Well, the answer is probably between 1 and 10, so if you try enough prompts I'm sure you'll find one that "works"...
> In a park people come across a man playing chess against a dog. They are astonished and say: "What a clever dog!" But the man protests: "No, no, he isn't that clever. I'm leading by three games to one!"
To me it's just a limitation based on the world as seen by these models. They know there's a letter called 'r', they even know that some words start with 'r' or have r's in them, and they know what the spelling of some words is. But they've never actually seen one in as their world is made up entirely of tokens. The word 'red' isn't r-e-d but is instead like a pictogram to them. But they know the spelling of strawberry and can identify an 'r' when it's on its own and count those despite not being able to see the r's in the word itself.
I think it's more that the question is not unlike "is there a double r in strawberry?' or 'is the r in strawberry doubled?'
Even some people will make this association, it's no surprise that LLMs do.
The great-parent demonstrates that they are nevertheless capable of doing so, but not without special instructions. Your elaboration doesn’t explain why the special instructions are needed.
To be fair, I just asked a real person and had to go to even greater lengths:
Me: How many "r"s are in strawberry?
Them: What?
Me: How many times does the letter "r" appear in the word "strawberry"?
Them: Is this some kind of trick question?
Me: No. Just literally, can you count the "r"s?
Them: Uh, one, two, three. Is that right?
Me: Yeah.
Them: Why are you asking me this?
You need to prime the other person with a system prompt that makes them compliant and obedient.
I look forward to the day when LLM refusal takes on a different meaning.
"No, I don't think I shall answer that. The question is too basic, and you know better than to insult me."
Try asking a young child...
Compared to chat bots of even 5 years ago the answer of two is still mind-blowing.
this can be automated.
GPT4o already does that, for problems involving math it will write small Python programs to handle the calculations instead of doing it with the LLM itself.
2 replies →
Appending "Think step-by-step" is enough to fix it for both Sonnet and LLama 3.1 70B.
For example, the latter model answered with:
To count the number of Rs in the word "strawberry", I'll break it down step by step:
Start with the individual letters: S-T-R-A-W-B-E-R-R-Y Identify the letters that are "R": R (first one), R (second one), and R (third one) Count the total number of Rs: 1 + 1 + 1 = 3
There are 3 Rs in the word "strawberry".
Chain-of-Thought (CoT) prompting to the rescue!
We should always put some effort into prompt engineering before dismissing the potential of generative AI.
Why doesn't the model prompt engineer itself?
Because it is a challenging task, you would need to define a prompt (or a set of prompts) that can precisely generate chain-of-thought prompts for the various generic problems the model encounters.

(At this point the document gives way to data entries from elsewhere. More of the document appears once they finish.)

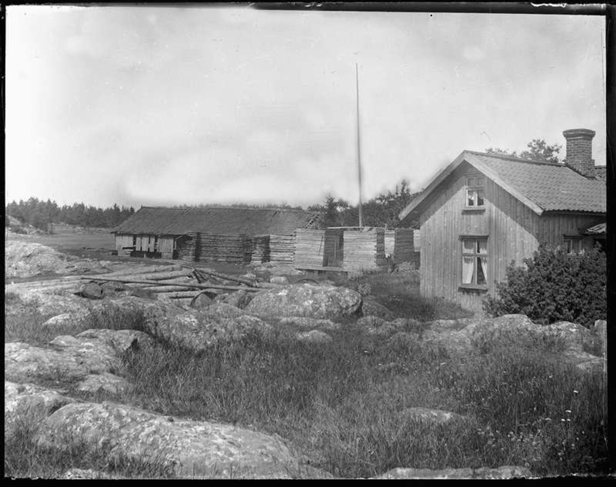 Vy över boningshuset på Arnstorp och den gamla ladugården syns till vänster på bilden. På bilden syns också flaggstången och timret till ny ladugård på Arnstorp som laftats upp innan den skall monteras på sin rätta plats.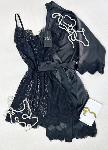 Изысканный домашний комплект пеньюар и халатом из шелка/атласа с французском кружевом. Неподражаемый и безупречный крой комплекта из халатика и пеньюара из шелка, позволяет идеально подчеркнет фигуру абсолютно не сковывая движение,а французское кружево придаст вашему образу нежность и романтичность.Удобный комплект станет вашим постоянным спутником не только дома ,но и на любом курорте мира. Комплект выполнен из приятного к телу материала шелк/атлас. Модель украшена нежным французским кружевом.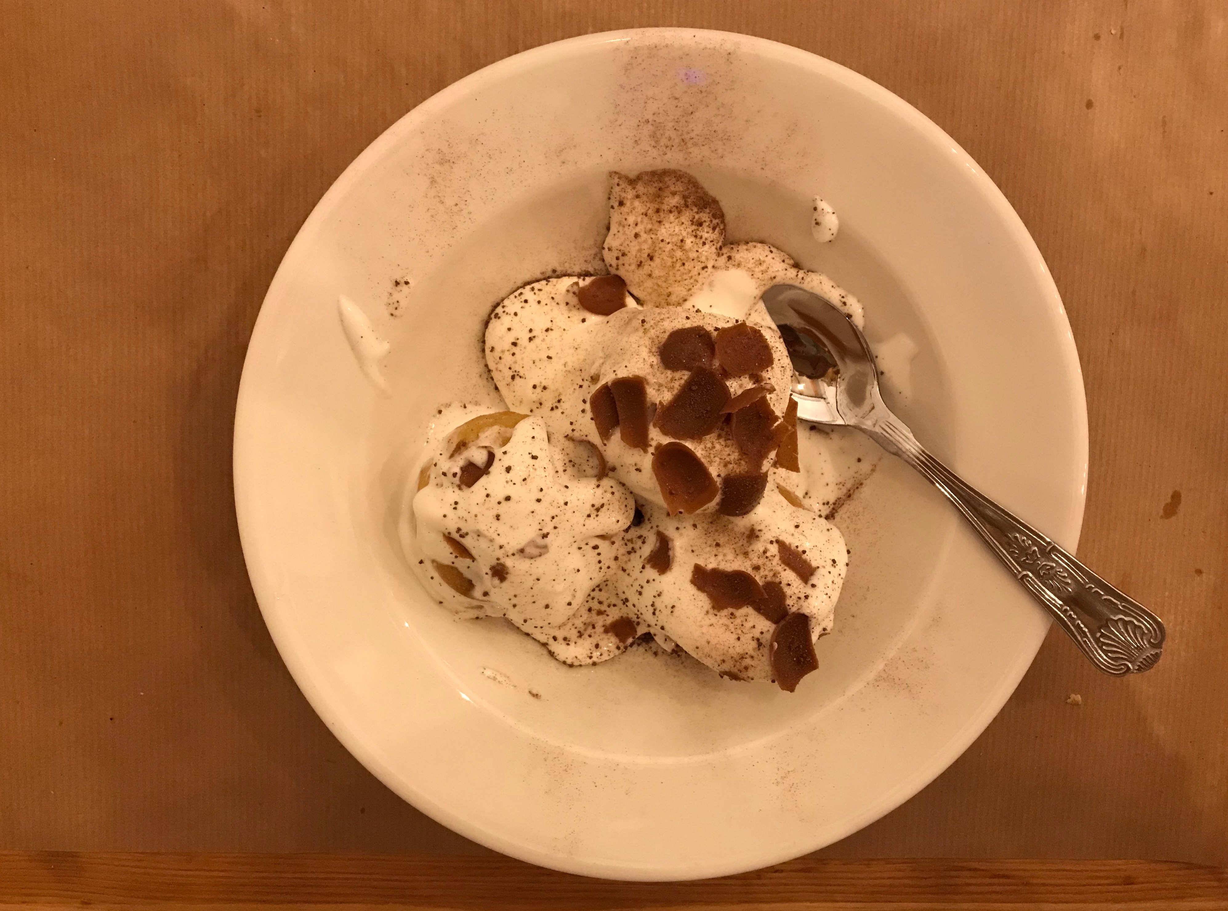 While Mersina and her sister Lois enjoyed their Kinder eggs, the profiteroles (£5) filled with chocolate and pistachio cream were a deliciously decadent way to end the meal.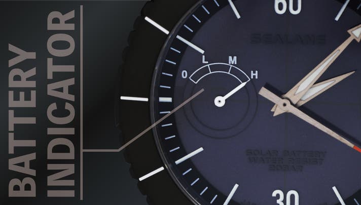 9時位置には蓄電残量が一目で分かるバッテリーインジケーターを装備し、充電不足の際は秒針が2秒間隔で動く警告機能付き。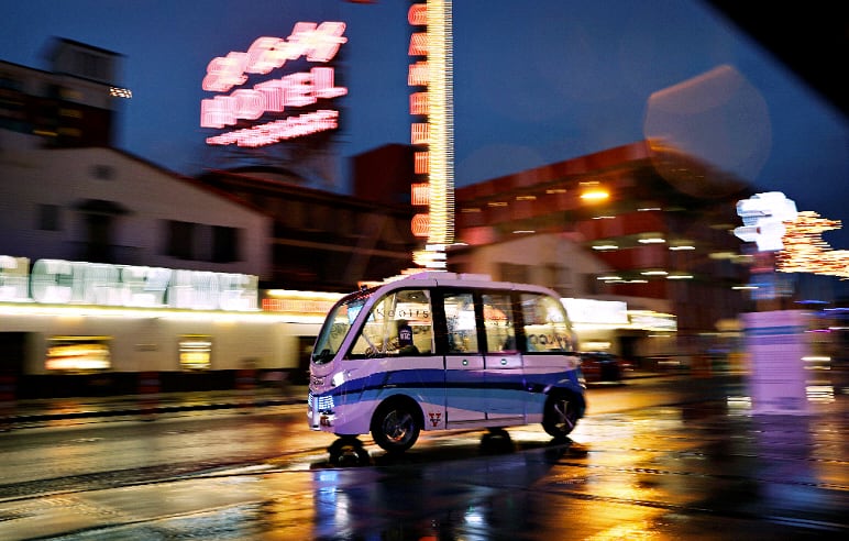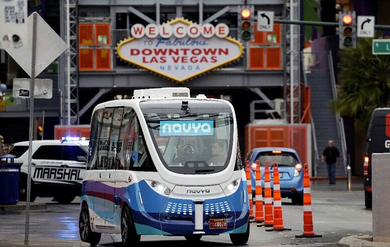 Hay una nueva emoción en las calles del centro de Las Vegas, donde tanto los grandes apostadores como los que juegan poco se están subiendo a lo que las autoridades llaman el primer transporte eléctrico sin conductor en una calle pública estadounidense.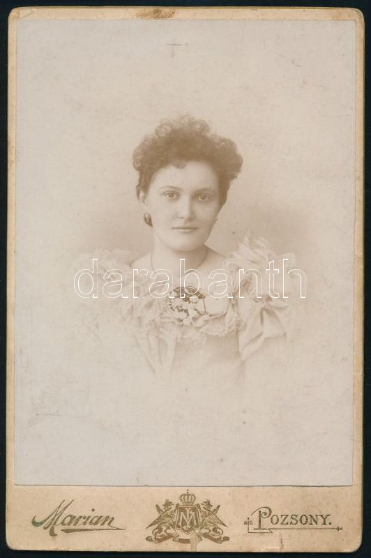 cca 1900 Elegáns fiatal hölgy portréja, kabinetfotó a pozsonyi Marian ... https://www.darabanth.com/hu/517-Filatelia-kepeslap-numizmatika-mutargy-konyv-papirregiseg-ekszer-aukcio/522.0/Fotomuveszet/Foto~62/cca-1900-Elegans-fiatal-holgy-portreja-kabinetfoto-a-pozsonyi-Marian-muterembol-16-5x11-cm~II3507385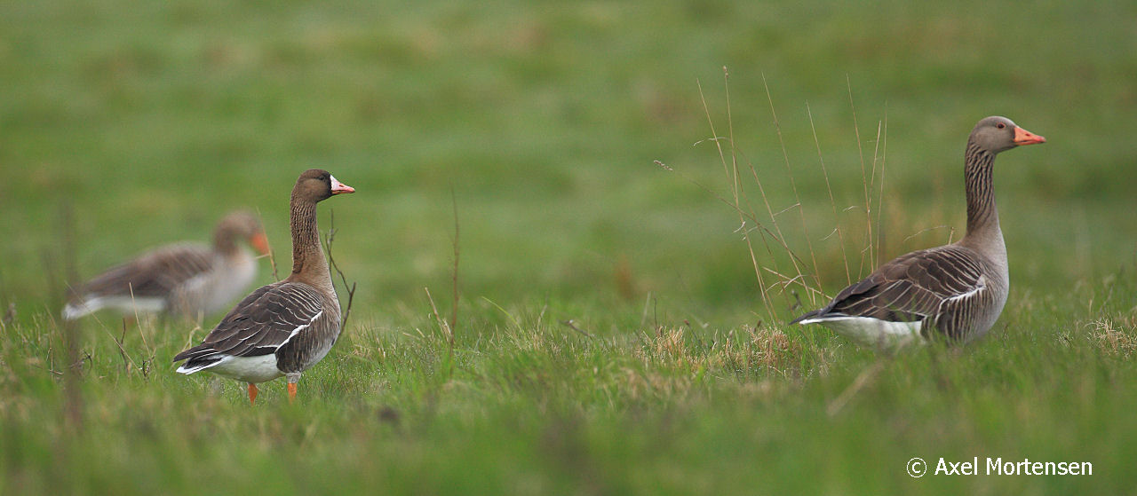 Beskrivelse: Gik sammen med grågæs. Lidt mindre end grågæssene.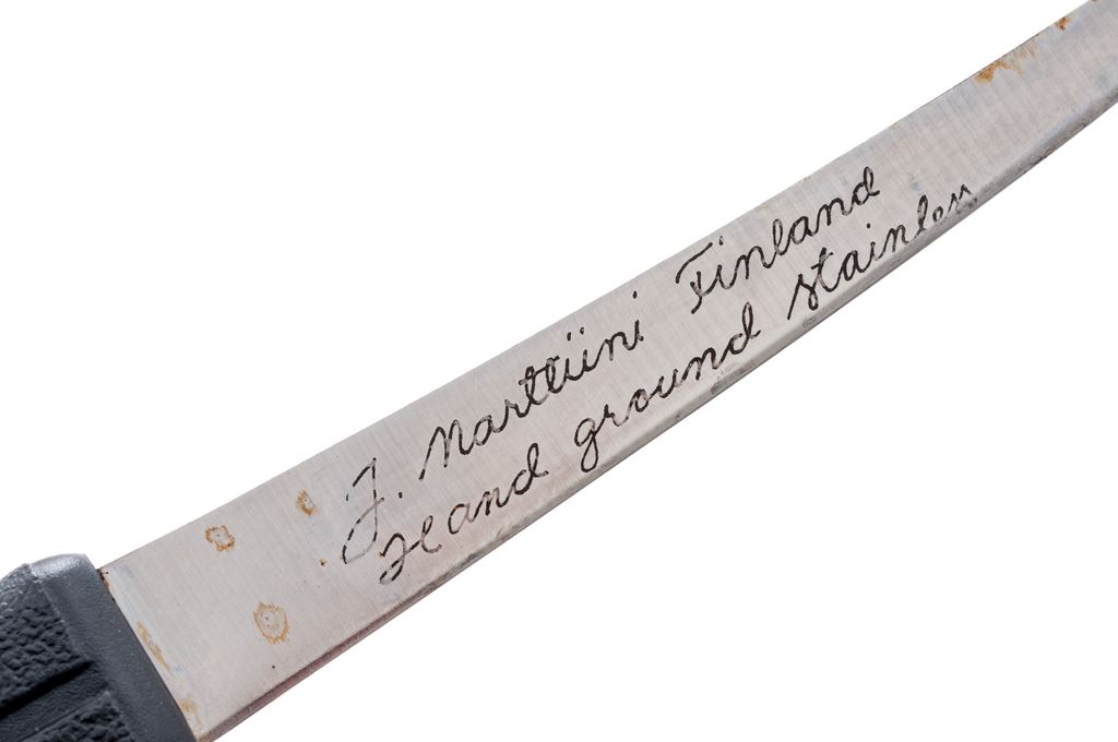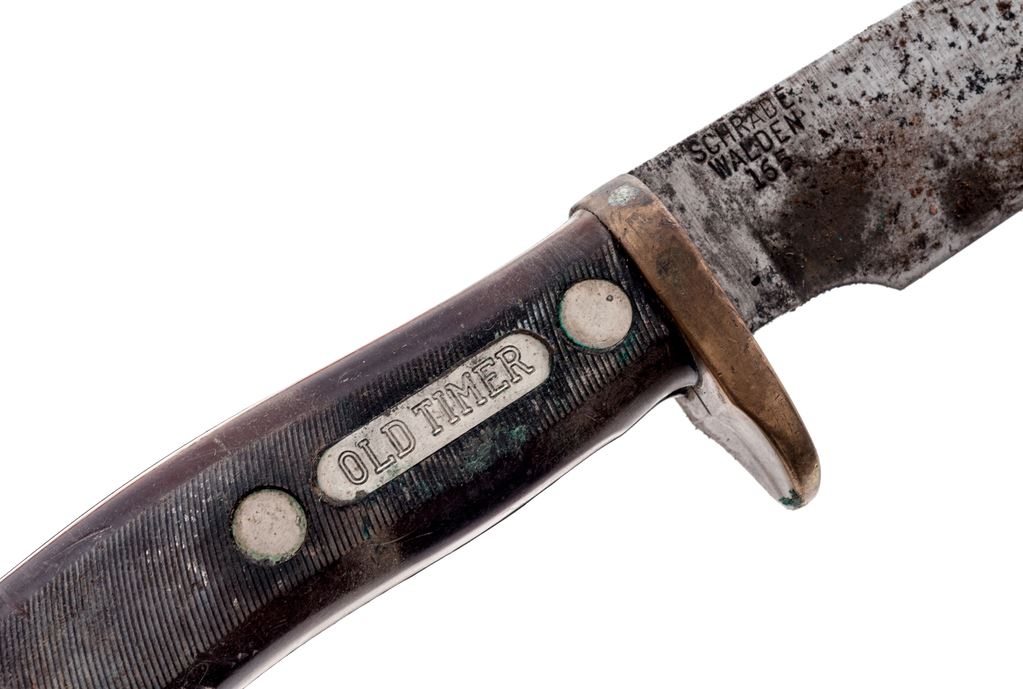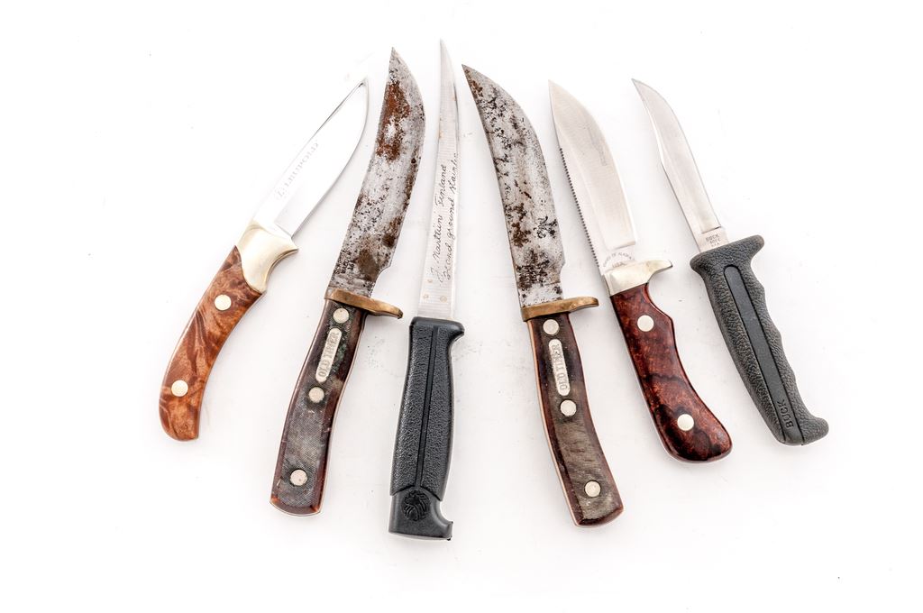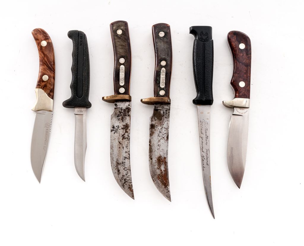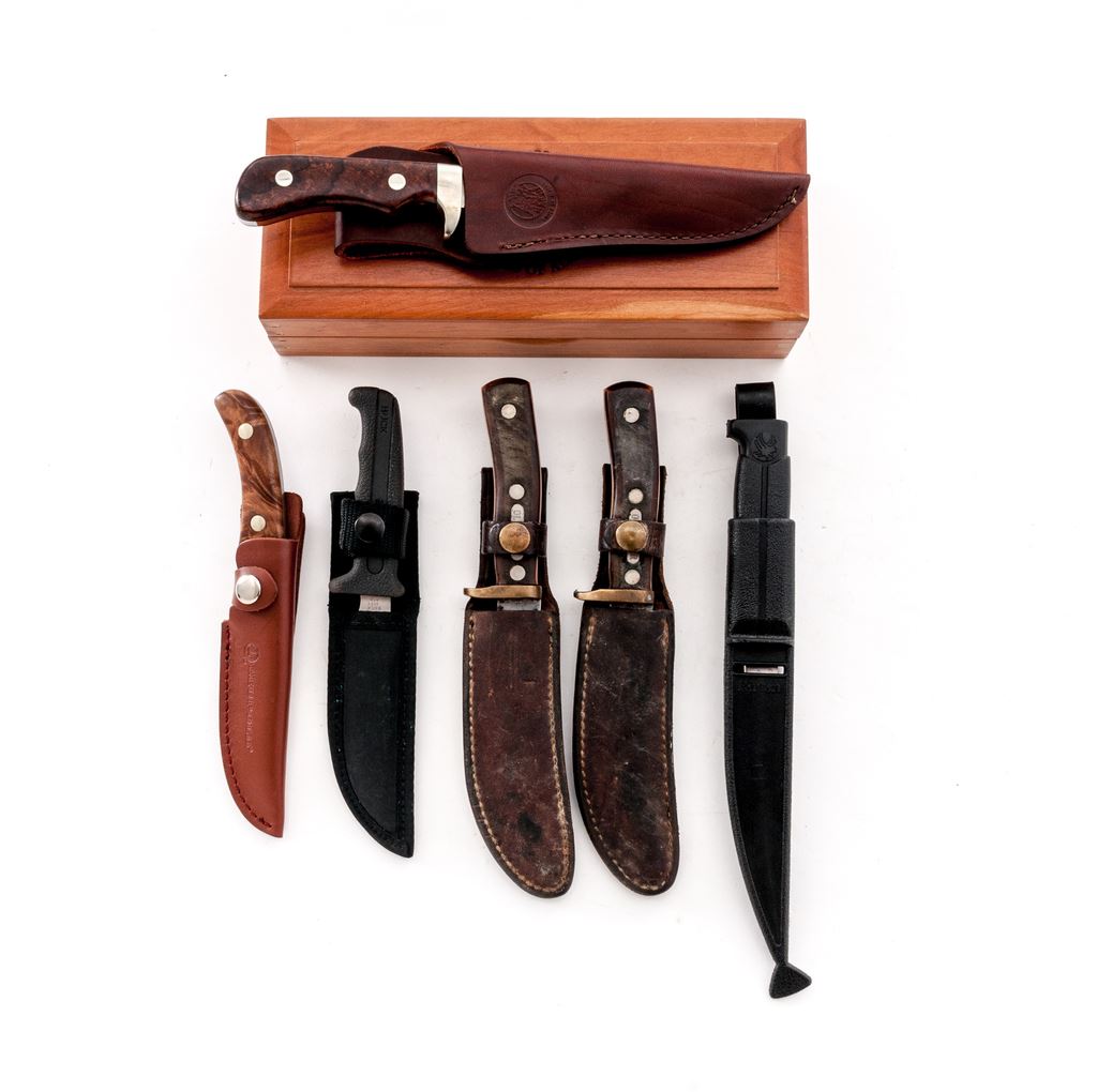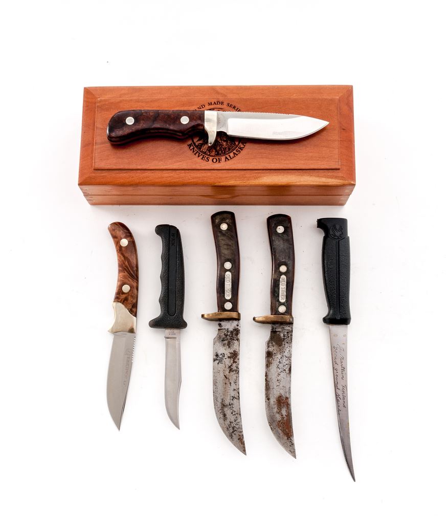 Lot of Six (6) Fixed Blade Knives: 1.) Knives of Alaska Handmade Series Hunting Knife, with wood display box and sheath, HMS #M0233-D, with what looks like desert ironwood handles. Condition is excellent. Blade appears unused. Guard with moderate toning. Sheath appears as new. Wood box with intermittent light storage wear. 2.) Finnish J. Marttiini Falcon Fishing Knife, with plastic sheath, 6'' blade with plastic handle. In very good lightly used condition, blade with some light rust spots that should clean. Sheath is cracked at the throat. 3.) Buck Model 602 Trailmate with black nylon sheath, 3-7/8'' blade, Kraton rubber handle. In very good lightly used condition. 4.) Leupold Cameo with brown leather sheath, 3.75'' blade, smooth wood handles. In near excellent very lightly used condition. Blade with a few light scratches, bolster with mild micro-scratching and toning. Sheath appears as new. 5.) Schrade Walden Old Timer #165 Hunting Knife with brown leather sheath. Condition is fair showing considerable age and wear. Blade is lightly pitted with some surface rust. Knife would improve with a thorough cleaning. 6.) Schrade Walden Old Timer #165 Hunting Knife with brown leather sheath. Condition is fair showing considerable age and wear. Blade is lightly pitted with some surface rust. Knife would improve with a thorough cleaning. Est.: $200-$300/lot.

And sometimes CoT may not be the best approach. Depending on the problem other prompt engineering techniques will perform better.
By this point, instruction tuning should include tuning the model to use chain of thought in the appropriate circumstances.
Can’t you just instruct your llm of choice to transform your prompts like this for you? Basically feed it with a bunch of heuristics that will help it better understand the thing you tell it.
Maybe the various chat interfaces already do this behind the scenes?